_AIM OF THE TASK_:
Below, find the line containing "This Sonic 2"; from there to the final line, print every line exactly and skip the pictures.

====== DATA SUPPLIED

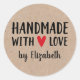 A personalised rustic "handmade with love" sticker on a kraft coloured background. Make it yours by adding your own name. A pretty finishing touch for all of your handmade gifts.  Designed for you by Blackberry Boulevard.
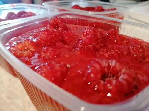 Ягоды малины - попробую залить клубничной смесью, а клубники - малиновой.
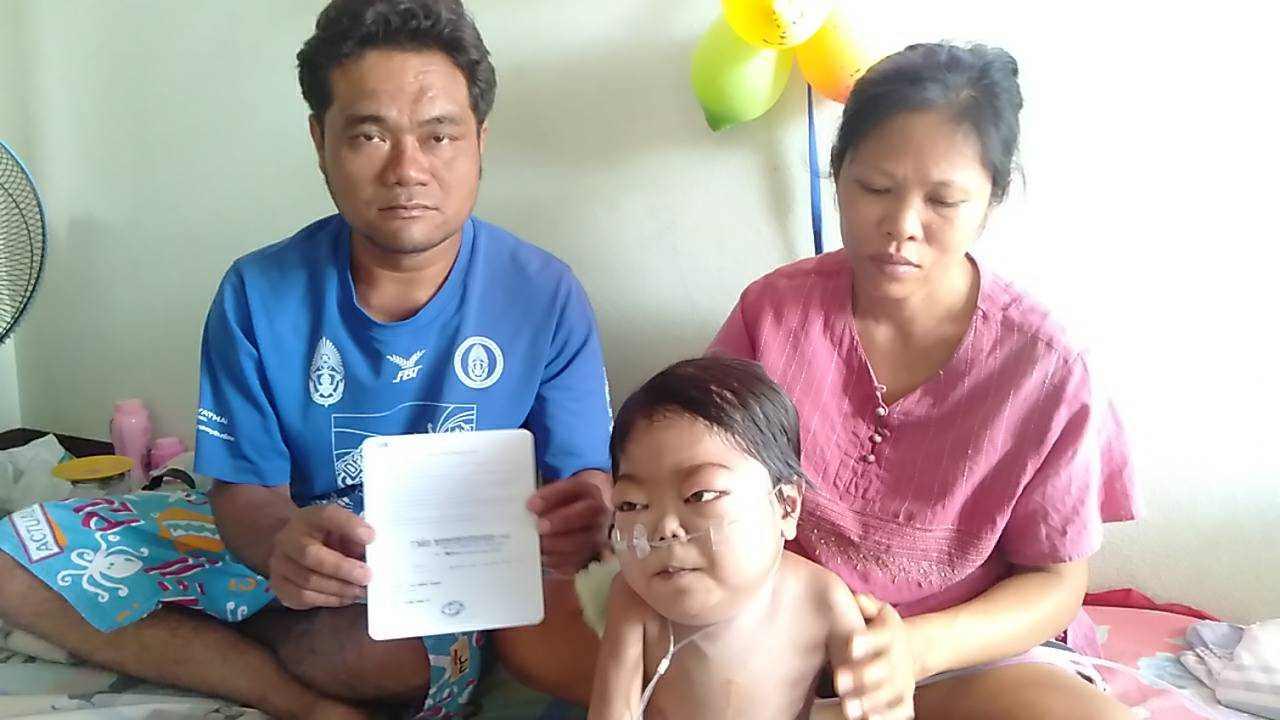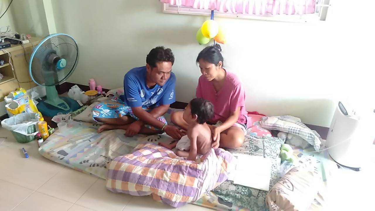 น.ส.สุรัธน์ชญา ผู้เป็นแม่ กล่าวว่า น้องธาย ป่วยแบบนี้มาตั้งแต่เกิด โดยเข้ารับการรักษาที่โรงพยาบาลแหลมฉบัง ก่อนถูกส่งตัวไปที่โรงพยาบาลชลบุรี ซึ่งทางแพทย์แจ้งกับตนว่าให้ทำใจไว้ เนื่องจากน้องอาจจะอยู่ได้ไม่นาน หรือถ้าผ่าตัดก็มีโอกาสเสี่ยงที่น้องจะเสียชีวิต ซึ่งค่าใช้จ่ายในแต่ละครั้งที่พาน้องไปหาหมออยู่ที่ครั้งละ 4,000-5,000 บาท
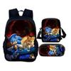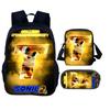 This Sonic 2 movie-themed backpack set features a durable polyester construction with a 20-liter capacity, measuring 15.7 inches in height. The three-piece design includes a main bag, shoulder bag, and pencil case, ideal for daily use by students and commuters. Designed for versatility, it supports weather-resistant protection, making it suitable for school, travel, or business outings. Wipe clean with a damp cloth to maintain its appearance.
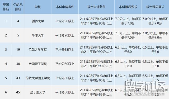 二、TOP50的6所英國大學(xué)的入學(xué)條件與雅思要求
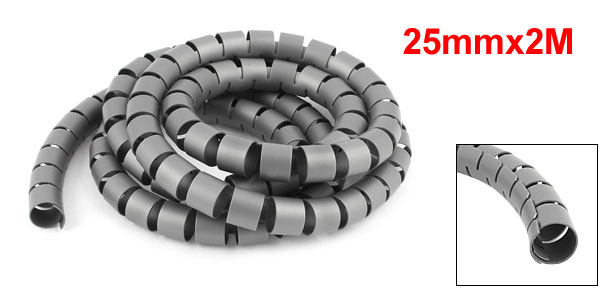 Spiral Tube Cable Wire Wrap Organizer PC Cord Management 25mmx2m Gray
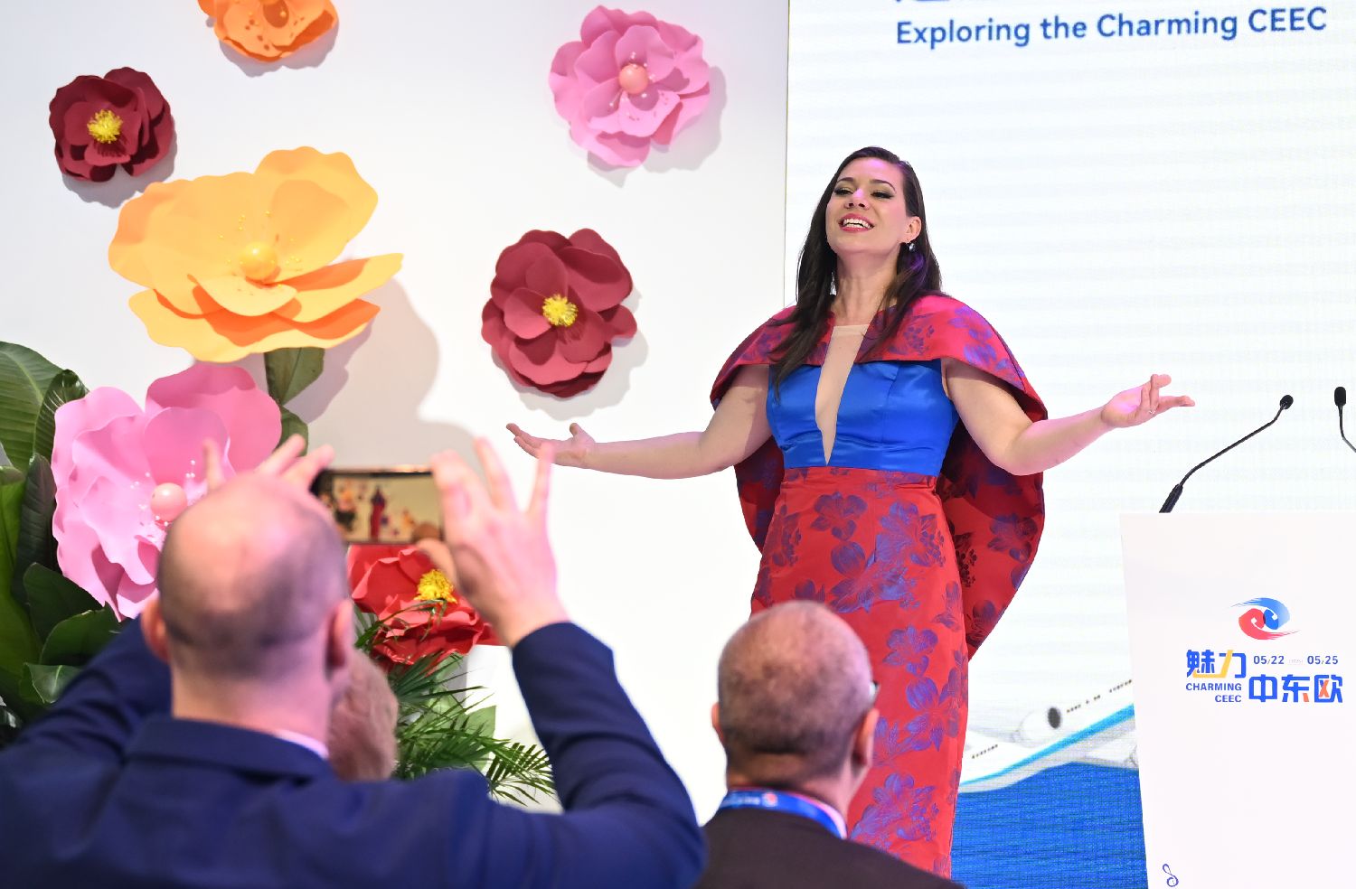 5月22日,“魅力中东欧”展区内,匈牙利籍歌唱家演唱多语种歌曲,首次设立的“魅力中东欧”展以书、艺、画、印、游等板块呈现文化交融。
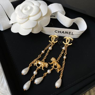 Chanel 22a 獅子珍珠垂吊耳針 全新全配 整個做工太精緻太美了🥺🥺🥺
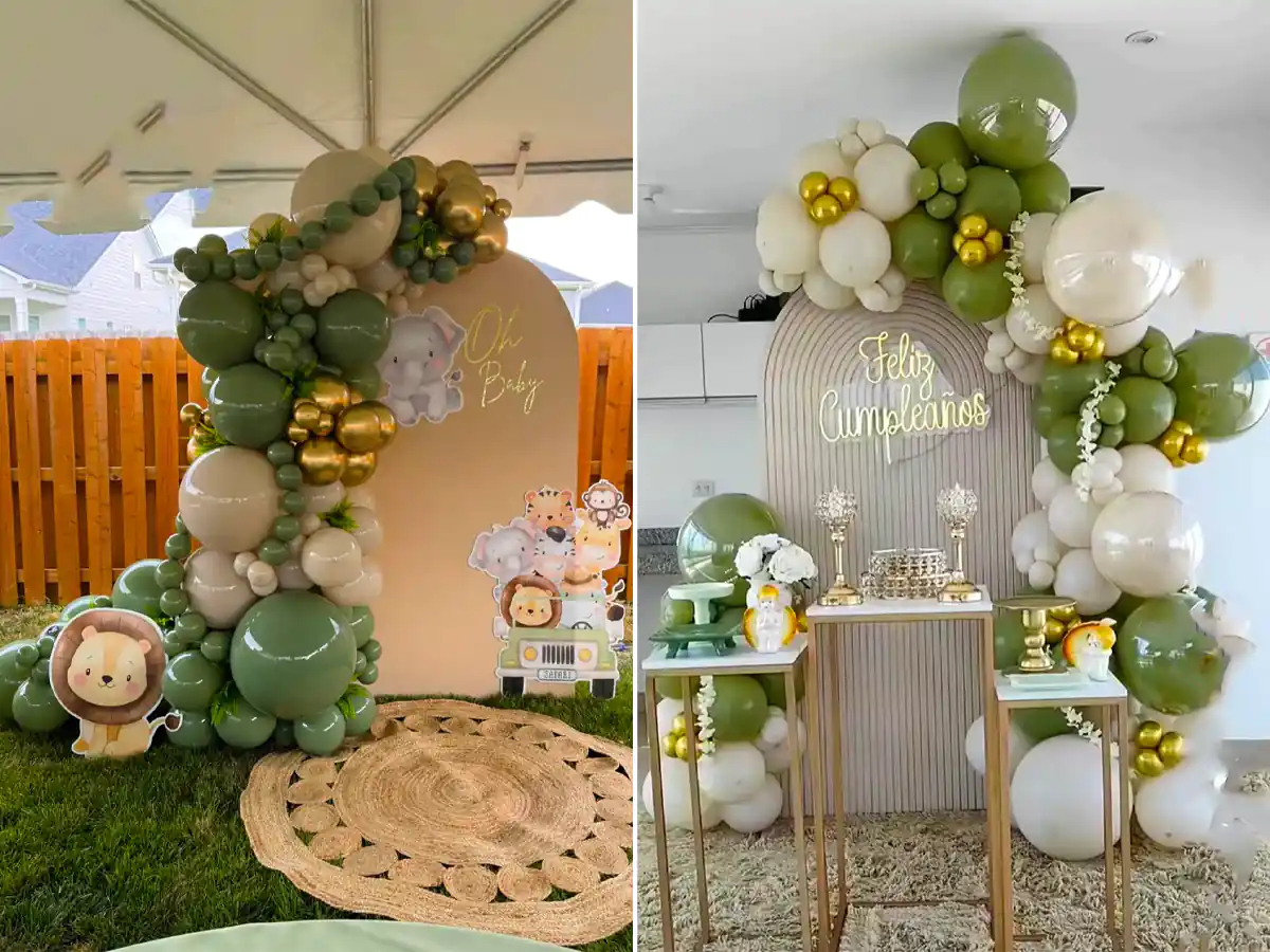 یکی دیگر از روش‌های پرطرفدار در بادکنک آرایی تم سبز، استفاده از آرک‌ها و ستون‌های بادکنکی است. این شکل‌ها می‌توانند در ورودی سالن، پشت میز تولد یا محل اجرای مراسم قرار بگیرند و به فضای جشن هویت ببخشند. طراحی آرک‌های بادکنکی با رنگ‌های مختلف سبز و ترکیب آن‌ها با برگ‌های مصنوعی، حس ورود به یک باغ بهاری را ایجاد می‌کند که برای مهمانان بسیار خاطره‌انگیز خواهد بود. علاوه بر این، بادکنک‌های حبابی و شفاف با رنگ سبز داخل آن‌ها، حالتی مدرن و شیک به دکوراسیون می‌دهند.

============

_EXERCISE RESULT_:
 This Sonic 2 movie-themed backpack set features a durable polyester construction with a 20-liter capacity, measuring 15.7 inches in height. The three-piece design includes a main bag, shoulder bag, and pencil case, ideal for daily use by students and commuters. Designed for versatility, it supports weather-resistant protection, making it suitable for school, travel, or business outings. Wipe clean with a damp cloth to maintain its appearance.
 二、TOP50的6所英國大學(xué)的入學(xué)條件與雅思要求
 Spiral Tube Cable Wire Wrap Organizer PC Cord Management 25mmx2m Gray
 5月22日,“魅力中东欧”展区内,匈牙利籍歌唱家演唱多语种歌曲,首次设立的“魅力中东欧”展以书、艺、画、印、游等板块呈现文化交融。
 Chanel 22a 獅子珍珠垂吊耳針 全新全配 整個做工太精緻太美了🥺🥺🥺
 یکی دیگر از روش‌های پرطرفدار در بادکنک آرایی تم سبز، استفاده از آرک‌ها و ستون‌های بادکنکی است. این شکل‌ها می‌توانند در ورودی سالن، پشت میز تولد یا محل اجرای مراسم قرار بگیرند و به فضای جشن هویت ببخشند. طراحی آرک‌های بادکنکی با رنگ‌های مختلف سبز و ترکیب آن‌ها با برگ‌های مصنوعی، حس ورود به یک باغ بهاری را ایجاد می‌کند که برای مهمانان بسیار خاطره‌انگیز خواهد بود. علاوه بر این، بادکنک‌های حبابی و شفاف با رنگ سبز داخل آن‌ها، حالتی مدرن و شیک به دکوراسیون می‌دهند.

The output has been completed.